C’est l’une des questions laissées en suspens sur le tableau noir de la science depuis les débuts de la pandémie. Les enfants semblent très peu souvent infectés par le nouveau coronavirus. Mais jusqu’à quel point peuvent-ils le propager?

Les moins de 18 ans représentent une toute petite fraction des cas confirmés de la maladie: moins de 2% des infections rapportées en Chine, en Italie et aux États-Unis, rappelle un récent article de Nature.

Certains scientifiques soutiennent donc que les mineurs sont moins à risque, qu’ils ne sont pas responsables de la majorité des transmissions et que les données actuelles soutiennent l’ouverture des écoles.

Mais d’autres scientifiques s’opposent à un retour en classe précipité, en affirmant que si l’incidence de l’infection est plus faible chez les enfants, c’est justement parce qu’ils sont moins exposés que les adultes, en raison de la fermeture des écoles. De plus, comme les jeunes présentent peu ou pas de symptômes, ils sont souvent moins testés, d’où la nécessité d’une surveillance accrue et de plus de dépistages chez les enfants.

Les jeunes élèves du Québec, sauf Montréal, de l’Allemagne et du Danemark, sont de retour sur les bancs d’écoles depuis la semaine dernière, et ceux de la France et de l’Australie emboîtent le pas.

Une récente étude parue dans The Lancet Infectious Diseases a relancé le débat. L’analyse de données au sein de ménages présentant des cas confirmés de Covid-19 à Shenzhen, en Chine, a conclu que les moins de dix ans seraient tout aussi susceptibles que les adultes d’être infectés, mais moins susceptibles d’avoir des symptômes graves.

D’autres études en provenance d’Islande, d’Italie et de Corée du Sud, où les dépistages sont plus importants, ont toutefois observé de plus faibles taux d’infections chez les enfants. Une étude française portant sur un groupe de cas dans les Alpes a montré qu’un enfant de 9 ans a fréquenté trois écoles et un cours de ski en présentant des symptômes de la Covid-19, sans avoir infecté personne.
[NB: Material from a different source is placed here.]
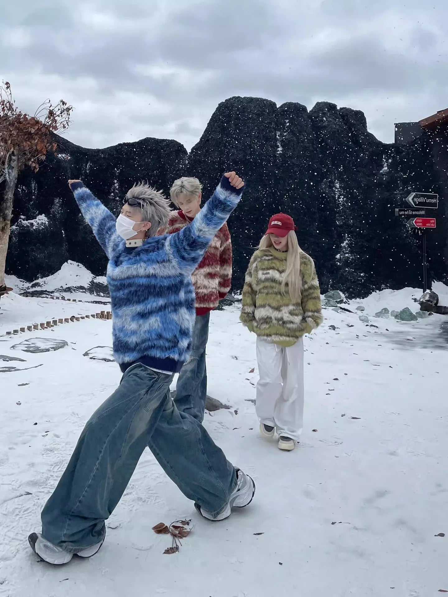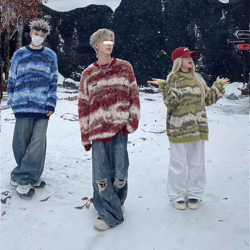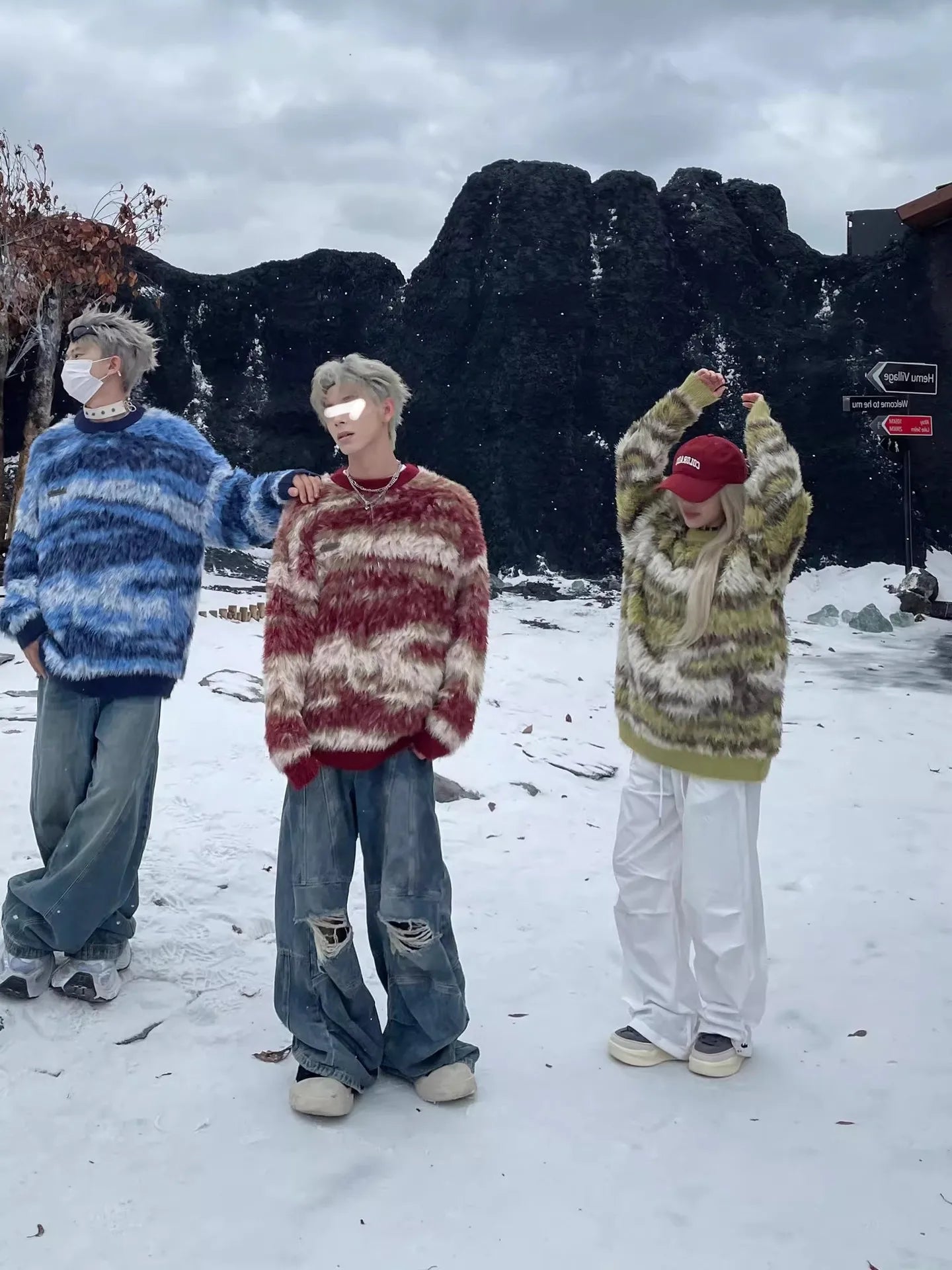 American Trending Men's Sweater Light Luxury Imitated Mink Drooping O Neck Long Sleeve Pullover Winter Premium Knitwear S-2XL

Une autre étude, portant sur les cas de la province de Hunan, publiée dans Science, conclut elle aussi que sans être invulnérables aux infections, ils le seraient moins. Pour chaque enfant infecté de moins de 15 ans, il y avait près de 3 personnes infectées entre 20 et 64 ans, constatent les auteurs.
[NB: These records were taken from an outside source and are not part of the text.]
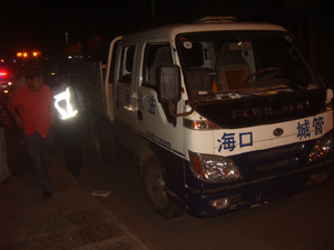 昨日,?诮痪ш(duì)事故處理大隊(duì)的陳警官說,“車上印有‘行政執(zhí)法’字樣,且是1.25小型卡車。根據(jù)目擊市民的反映,我們連夜對(duì)海口城管部門的行政執(zhí)法車輛進(jìn)行排查。”
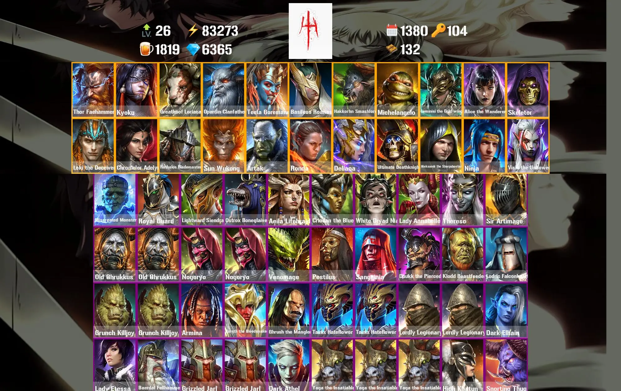 1380 Days 83.3k Energy Thor Faehammer ⸱ Kyoku ⸱ Greathoof Loriaca ⸱ Opardin Clanfather ⸱ Teela Goremane ⸱ Miscreated Monster ⸱ Royal Guard ⸱ 55.7m Silver ⸱ 6.4k Gems
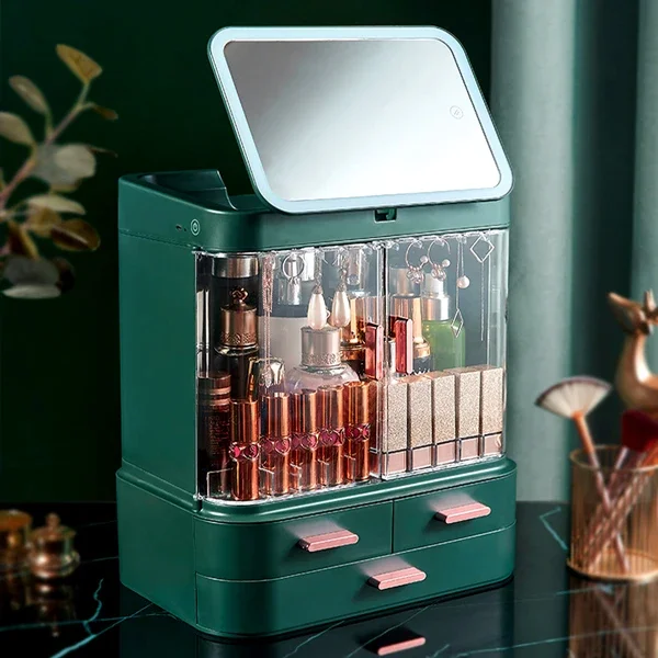 Cosmetic Storage Box Desktop Accessories Skin Care Products Waterproof Storage Rack Dustproof LED Makeup Mirror Bathroom Storage
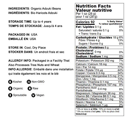 - Q: What are the health benefits of Organic Adzuki Beans? A: Organic Adzuki Beans are a great source of essential nutrients including magnesium, zinc, iron, copper, manganese, potassium, fiber, and B Vitamins such as niacin, thiamin, and riboflavin. These nutrients contribute to overall health, supporting a balanced diet.
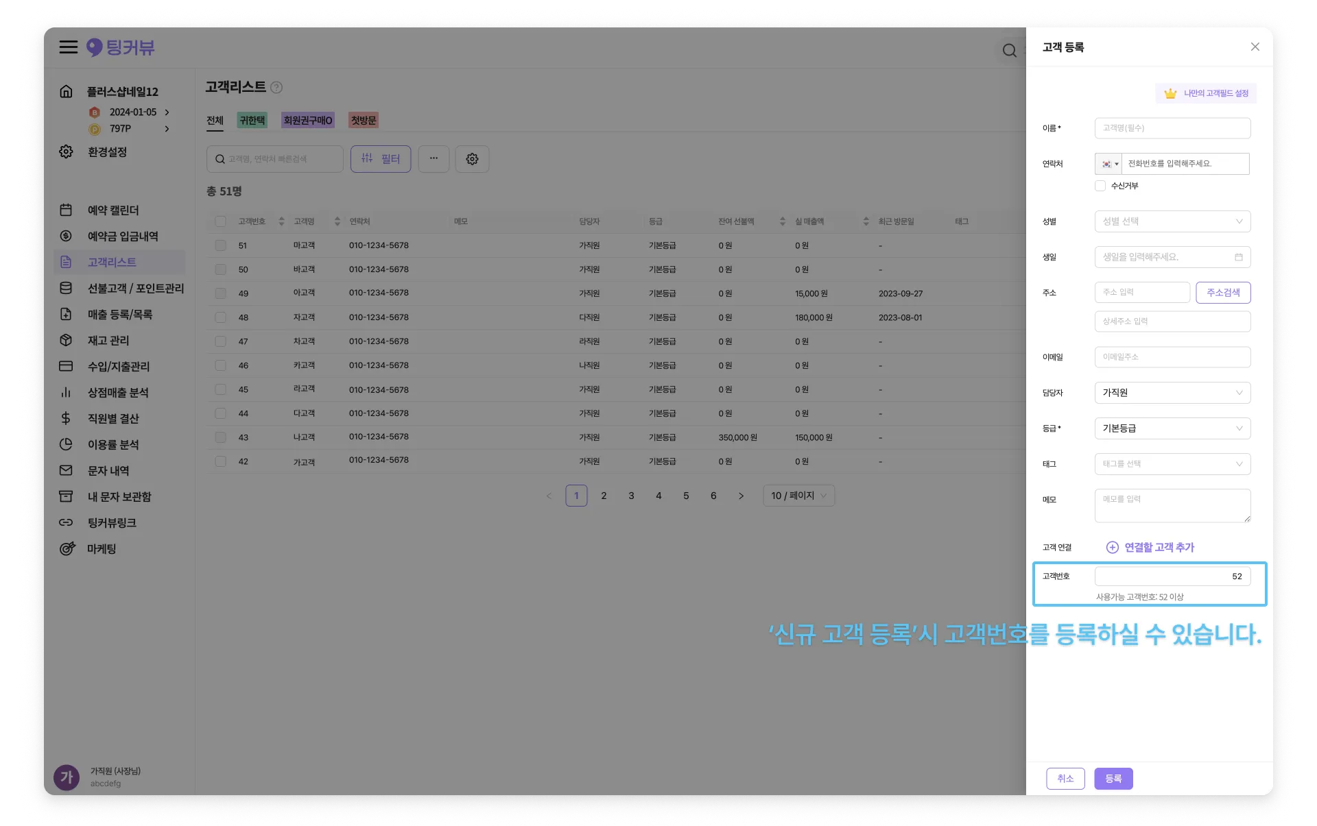 고객번호를 사용해 고객을 구분하시나요? 고객등록에서 고객번호를 입력해보세요. 한번만 등록을 완료해주시면 이후에는 자동으로 번호를 기입해 드립니다.

Dans une méta-analyse australienne, les chercheurs ont également constaté —en comparant la propagation au sein de pays avec et sans confinement— que les enfants sont rarement ceux qui ramènent l’infection dans le foyer : seulement 8% des enfants étaient infectés en premier, contre 50% pour les éclosions de grippe aviaire H5N1.
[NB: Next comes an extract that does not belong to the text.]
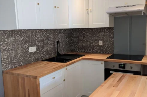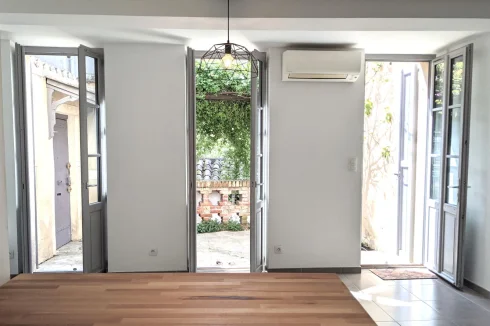 Ground Floor: A cute living space with 3 french windows opening on to the terrace and an open plan kitchen (fully equipped and brand new)
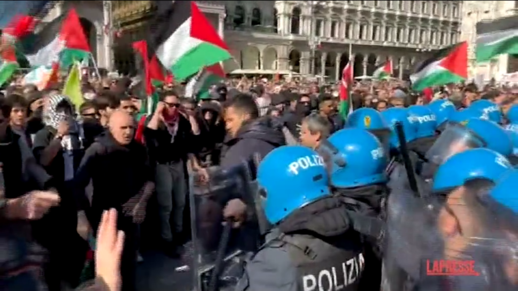 Secondo quanto riferisce la Questura di Milano, i reparti inquadrati delle forze dell’ordine sono intervenuti verso le ore 16.00 in piazza Duomo quando, al passaggio davanti il Mc Donald’s, la Brigata Ebraica è stata oggetto di robusta contestazione da parte di un gruppo di giovani nordafricani esagitati. Mentre alcuni ragazzi stranieri sventolavano le bandiere palestinesi a ridosso del servizio di accompagnamento dei City Angels, si è unito a loro un nutrito gruppo di giovani facinorosi, alcuni muniti anche di bastoni, che si è scagliato contro le persone che li dividevano dai manifestanti in corteo inveendo e tentando di colpire cameramen e fotografi che stavano riprendendo la scena. Due giovani sono stati subito fermati da personale della Polizia di Stato e accompagnati in Questura.Successivamente, verso le ore 16.30, all’interno di piazza Duomo, la porzione di giovani palestinesi attestatasi lì ben prima dell’inizio del corteo, ha sfondato la barriera con transenne predisposta a protezione del palco. Immediatamente intervenuti contingenti delle forze dell’ordine che hanno contenuto il gruppo che attualmente persiste nel tentativo di avvicinamento al palco.

Il reste qu’il est difficile d’établir hors de tout doute que les enfants sont peu infectieux. Deux études pré-publiées rapportent que les enfants avec les symptômes de la Covid-19 pourraient avoir les mêmes niveaux d’ARN viral que les adultes, ce qui, si cela se confirmait, les rendrait aussi infectieux.

De même, confinement oblige, il existe encore peu d’études sur la transmission des virus de l’école à la collectivité. Une enquête en Australie suggère qu’elle serait limitée et beaucoup plus faible qu’avec d’autres virus respiratoires, comme la grippe. Sur plus de 850 personnes entrées en contact avec neuf élèves et neuf membres du personnel atteints de la Covid-19, seulement deux cas ont été enregistrés, chez deux enfants.

Par contre, les chercheurs s’entendent sur le fait que les enfants tendent à mieux composer avec le nouveau coronavirus. La majorité des enfants infectés présentent des symptômes légers ou inexistants. Quelques rares cas d’une réponse inflammatoire similaire à la maladie infantile de Kawasaki ont été toutefois signalés à Londres et New York.

Une des théories expliquant la légèreté des symptômes serait que leurs poumons contiendraient moins de récepteurs ACE2, les protéines que le virus utilise pour pénétrer dans les cellules.

D’autres chercheurs soutiennent que les enfants seraient plus souvent exposés aux coronavirus, comme ceux du rhume, ce qui les protégerait. Ils pourraient avoir aussi une réponse immunitaire plus appropriée à l’infection, c’est-à-dire assez forte pour combattre le virus, mais assez faible pour ne pas causer de dommages à leurs propres organes.

Le retour à l’école devrait permettre de lever une partie du mystère… dans un sens ou dans l’autre.